# Not looking forward to class



## Greg King (Jul 30, 2006)

Its supposed to be 99 degrees on monday in Chi-Town,no air in the Dojang ,gonna be a sweaty one ............Don't sweat the petty things and don't pet the sweaty things.


----------



## bluemtn (Jul 30, 2006)

It's been really hot and humid here on the east coast, too.  It's reached almost 100 a couple of times, and we don't have much of an air conditioning system either.  I'm with you there, Greg.  Makes sparring REAL fun then, doesn't it?


----------



## terryl965 (Jul 30, 2006)

Greeg working uoa good sweat is probaly what the doctor order, remember to drink plenty of water.
terry


----------



## Kacey (Jul 30, 2006)

I agree with Terry - drink lots of water.  Just be careful that you don't drink so much that you end up with hyperhydration - it takes a lot for adults, but you can drink so much water that you change the electrolyte balance in your system to the point it makes you sick.  Make sure you eat or drink something with some sodium if you drink more than a couple of quarts of water in a few hours.


----------



## shesulsa (Jul 30, 2006)

Good advice, Kacey.  

I've been coached that the best way to avoid dehydration is to pre-hydrate and maintain hydration throughout class if you can.  If your instructor is traditional and won't let you take sips during class, it becomes more important to prehydrate the 24 hours prior to a hot, demanding class.


----------



## matt.m (Jul 30, 2006)

St.
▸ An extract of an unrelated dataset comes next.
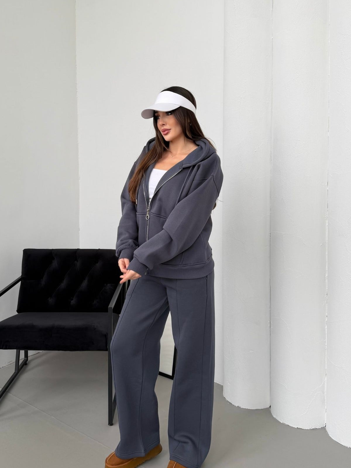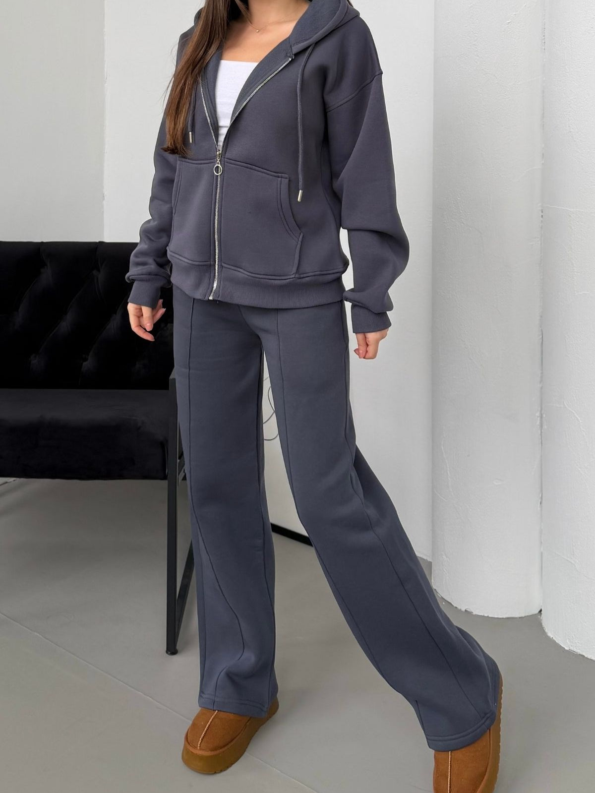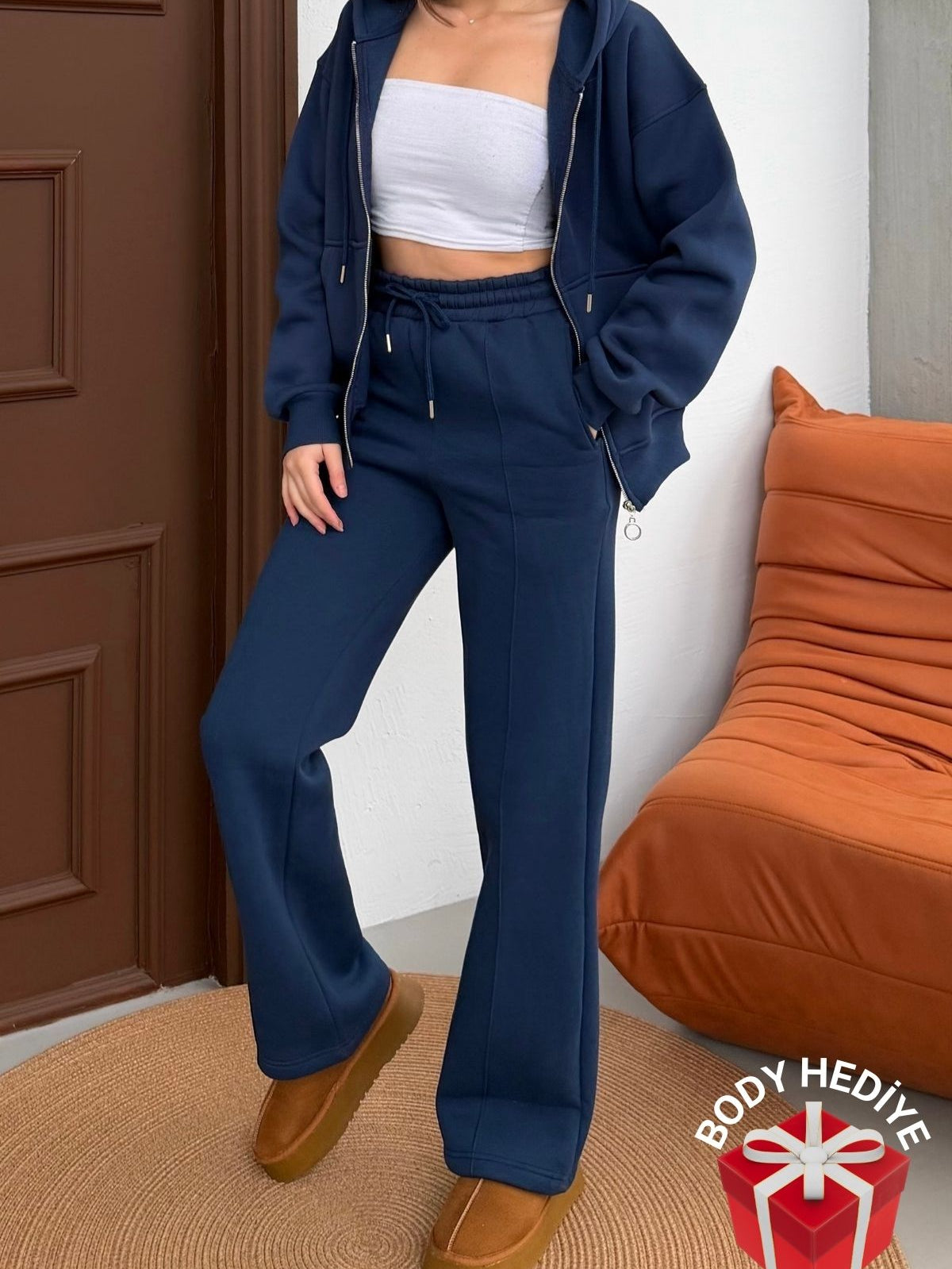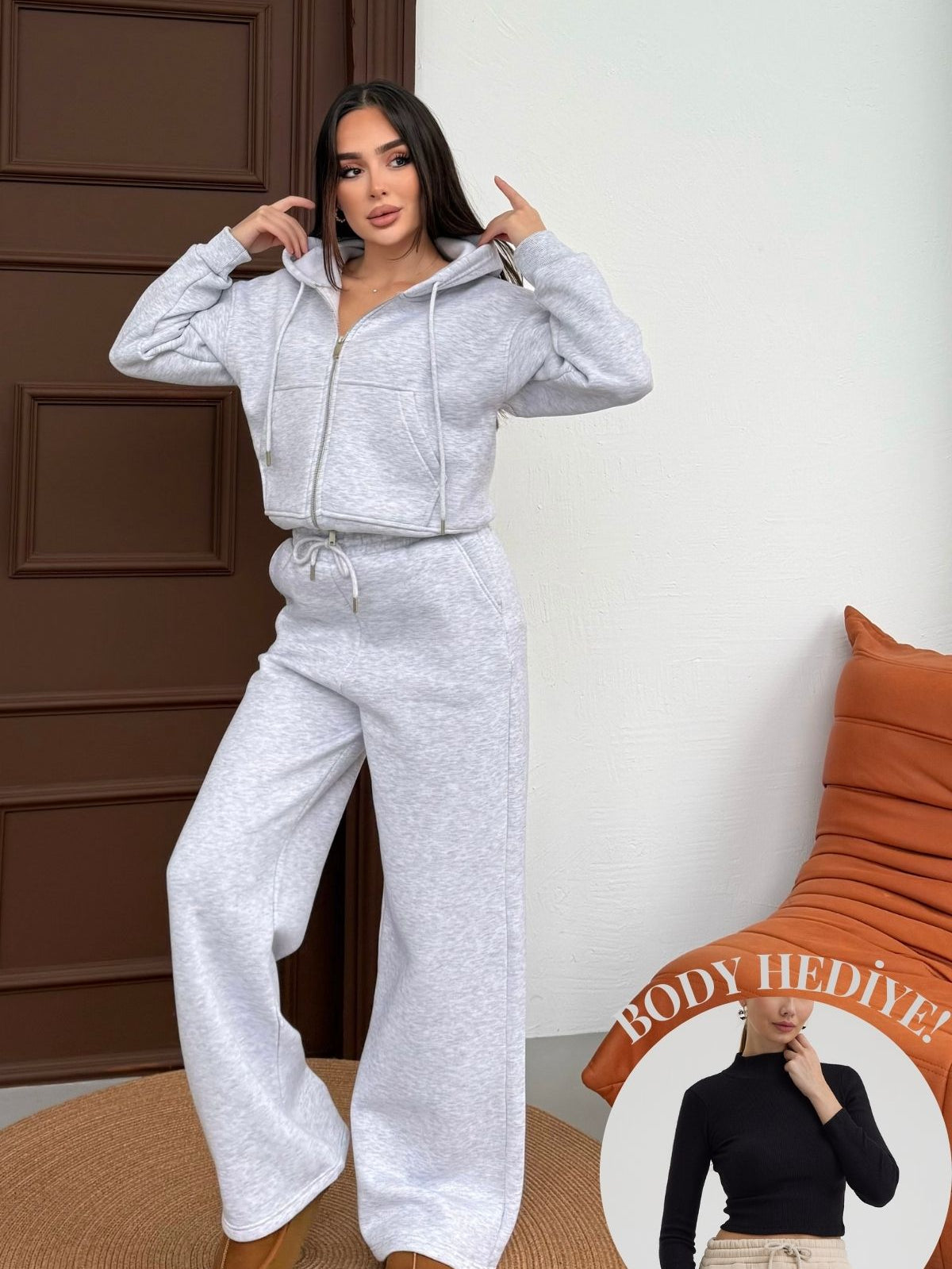 İçi Polar Rahat Kesim Kapüşonlu Fermuarlı Eşofman Takımı

Louie has been crazy hot to for a while now.  In my car this afternoon the temperature said 104.  Humid man, humid.  Drink just enough where you constantly sweat when standing outside man.

Old Marine Corps that has been to Haiti during the summer months kind of trick bud.


----------



## Grenadier (Jul 31, 2006)

Lots of water, but also bring some fruit with you, even if it's just a couple of bananas.  

I realize you're training in KMA, but there are uniforms that are very well-suited (no pun intended) for keeping someone cool.  Something like the Tokon / Kamikaze Sovereign uniform is fast becoming a very popular choice amongst Karate-ka who want maximum cooling.  

Ask your sabumnim if they have something similar available.


----------